> EXCERPTED DATA
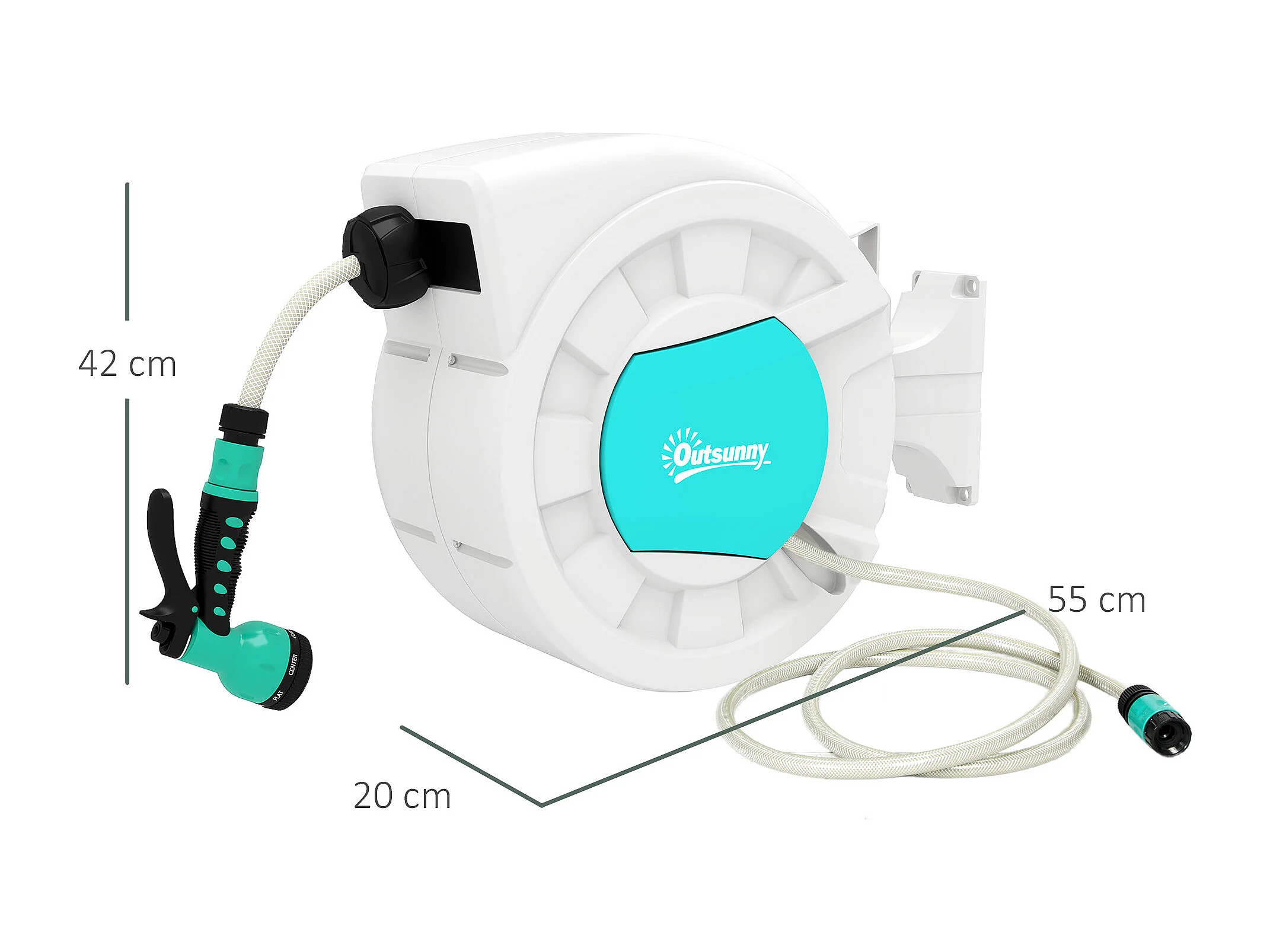 Enrouleur de tuyau d'arrosage mural 20m + 2m pivotant à 180° rétraction automatique fonction d'arrêt 9 fonctions de pulvérisation en PVC/plastique
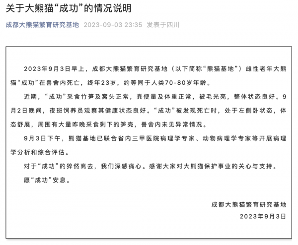 (原标题:大熊猫"成功"去世,网友伤心:"花花"没有妈妈了)
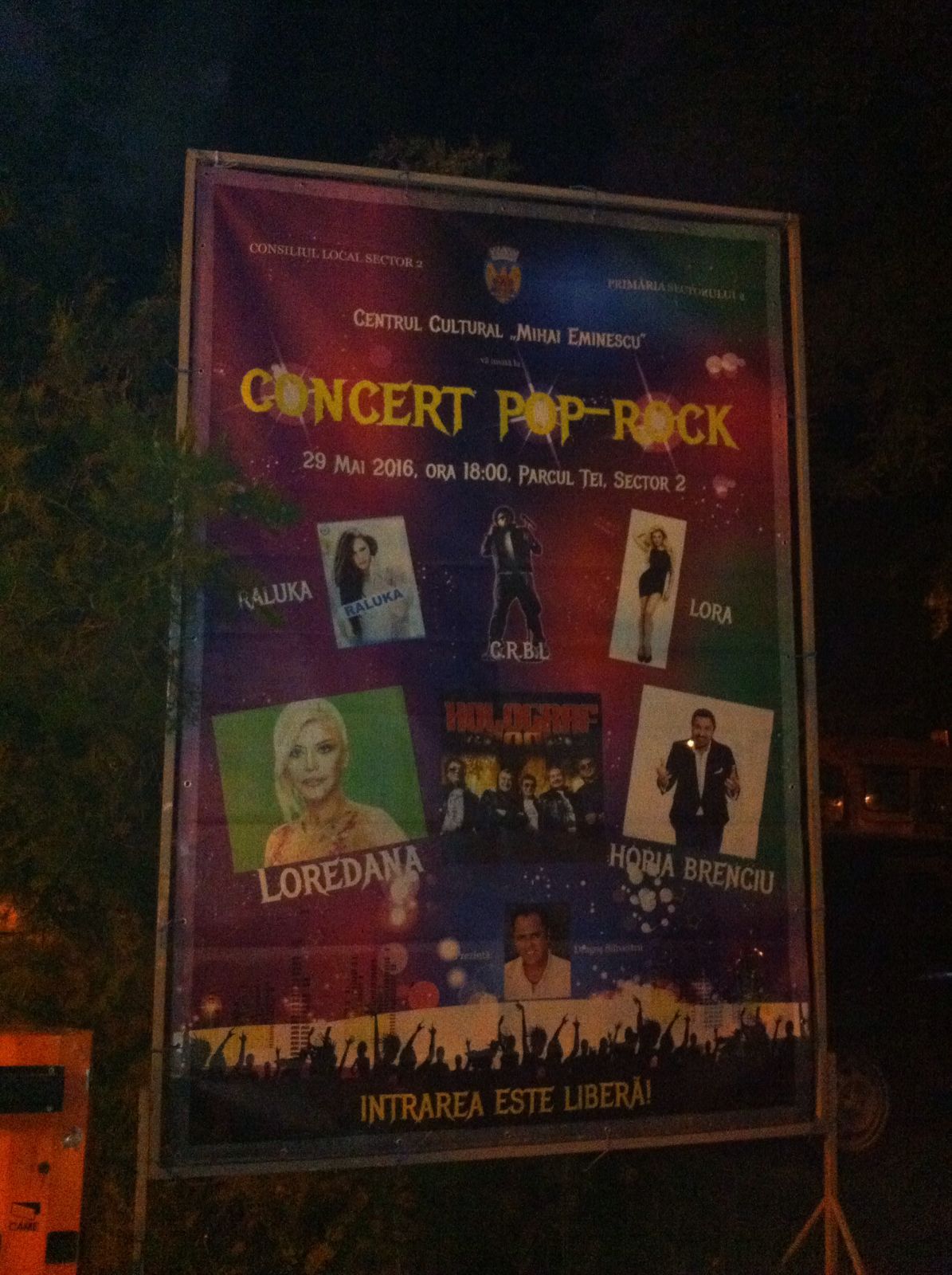 Am prieteni buni care stau în zonă și mi-au povestit că bubuiau geamurile. Vă dați deci seama ce sonorizare au avut oamenii la concert. Nu e de glumă cu lucrurile astea, când face Primăria un concert totul e la superlativ – sonorizarea, scena, onorariile. Păi nu? Ce? Dau banii de la ei din buzunar? Nu. Dau din al nostru. Și noi suntem mereu atât de proști că avem impresia că mergem gratis la evenimentele astea. Scrie chiar și pe afiș: Intrarea Liberă…. 😦
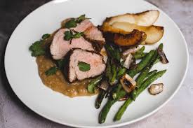 Tender pork braised with fresh pears and a light wine sauce for a subtly sweet,...
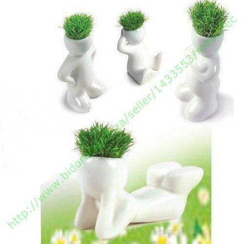 Ceramic Man Grass Hair Pot (Sitting man) (In Stock)
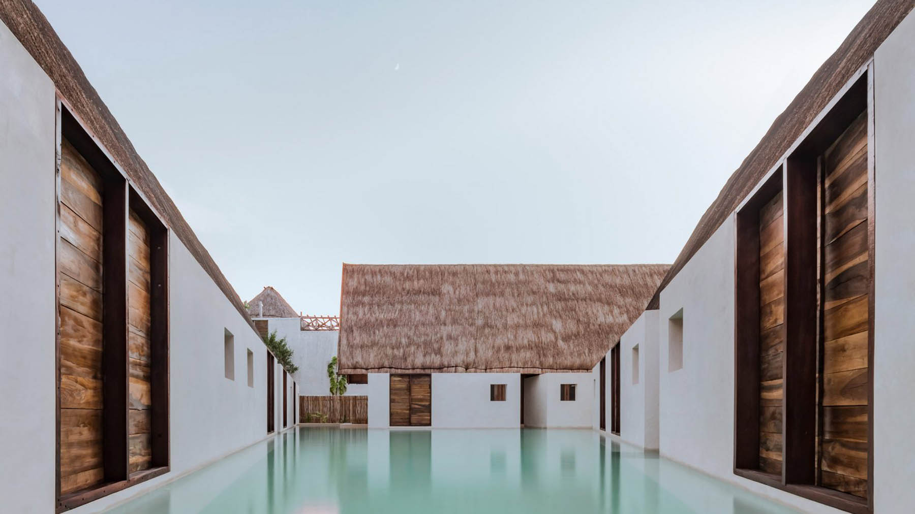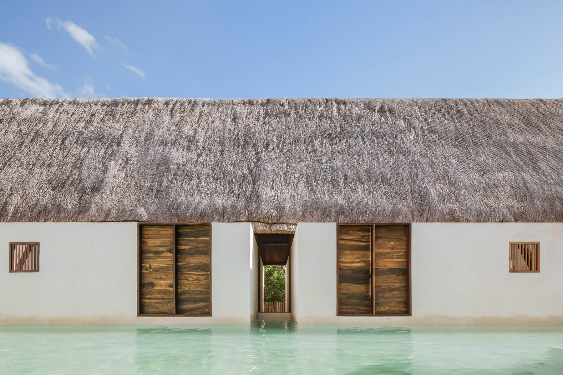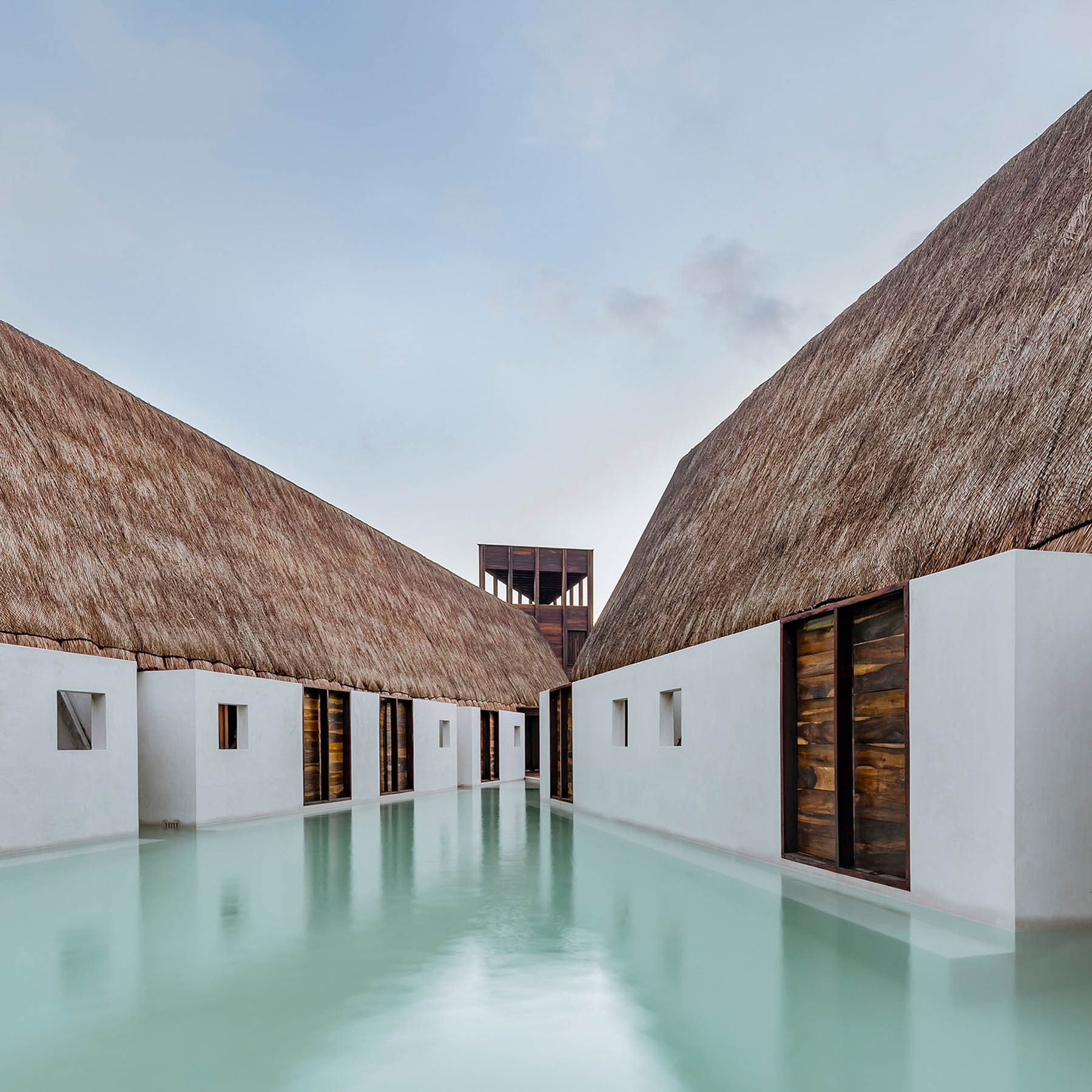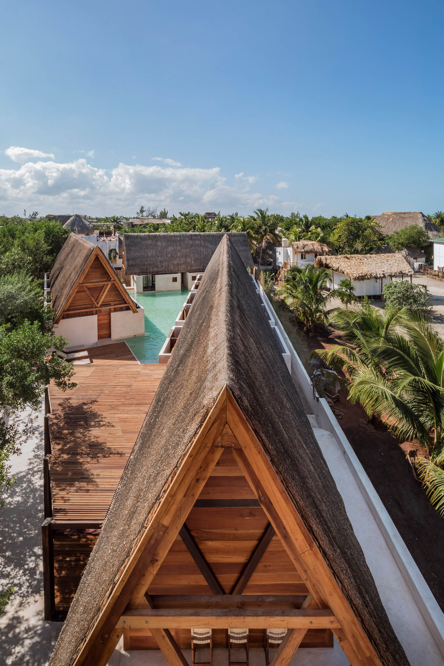 Comme autour de l’île, l’eau est l’attraction principale de cet hôtel. La piscine sert de point central au complexe, prenant la place d’une cour maya traditionnelle. Chqcune des douze chambre dispose de sa piscine privée qui se connecte à la masse d’eau principale au centre de l’hôtel. Les bâtiments ont été construits à partir de cèdres rouges cultivés par la famille. Leurs toits en pente et en chaume, ainsi que la technique du chukum utilisée pour les rendre imperméables, sont des odes aux méthodes de construction mayas.
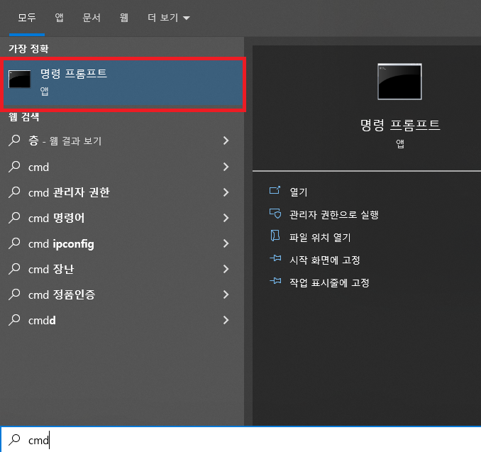 ✓ 우선, 윈도우에서 검색 기능을 통해, 명령 프롬프트를 입력하여 들어와 줍니다. 그러면 위와 같이 특정 명령을 실행할 수 있는 화면이 나타납니다.
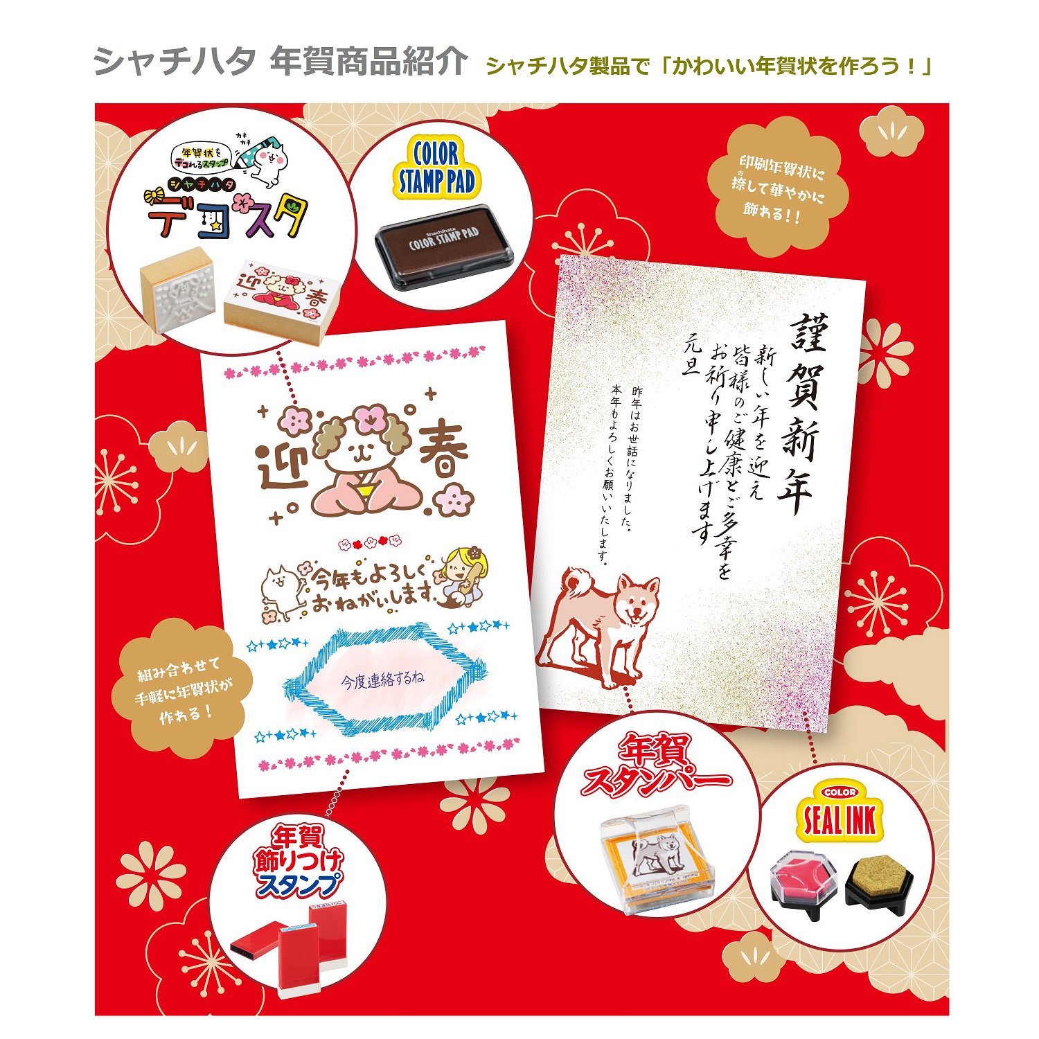 New Year's card stampers can print with ponpon without stamp pads.

> DIRECTIONS FOR THIS TASK
Output every line above exactly as it stands, and drop any picture.

> RESPONSE BOX
 Enrouleur de tuyau d'arrosage mural 20m + 2m pivotant à 180° rétraction automatique fonction d'arrêt 9 fonctions de pulvérisation en PVC/plastique
 (原标题:大熊猫"成功"去世,网友伤心:"花花"没有妈妈了)
 Am prieteni buni care stau în zonă și mi-au povestit că bubuiau geamurile. Vă dați deci seama ce sonorizare au avut oamenii la concert. Nu e de glumă cu lucrurile astea, când face Primăria un concert totul e la superlativ – sonorizarea, scena, onorariile. Păi nu? Ce? Dau banii de la ei din buzunar? Nu. Dau din al nostru. Și noi suntem mereu atât de proști că avem impresia că mergem gratis la evenimentele astea. Scrie chiar și pe afiș: Intrarea Liberă…. 😦
 Tender pork braised with fresh pears and a light wine sauce for a subtly sweet,...
 Ceramic Man Grass Hair Pot (Sitting man) (In Stock)
 Comme autour de l’île, l’eau est l’attraction principale de cet hôtel. La piscine sert de point central au complexe, prenant la place d’une cour maya traditionnelle. Chqcune des douze chambre dispose de sa piscine privée qui se connecte à la masse d’eau principale au centre de l’hôtel. Les bâtiments ont été construits à partir de cèdres rouges cultivés par la famille. Leurs toits en pente et en chaume, ainsi que la technique du chukum utilisée pour les rendre imperméables, sont des odes aux méthodes de construction mayas.
 ✓ 우선, 윈도우에서 검색 기능을 통해, 명령 프롬프트를 입력하여 들어와 줍니다. 그러면 위와 같이 특정 명령을 실행할 수 있는 화면이 나타납니다.
 New Year's card stampers can print with ponpon without stamp pads.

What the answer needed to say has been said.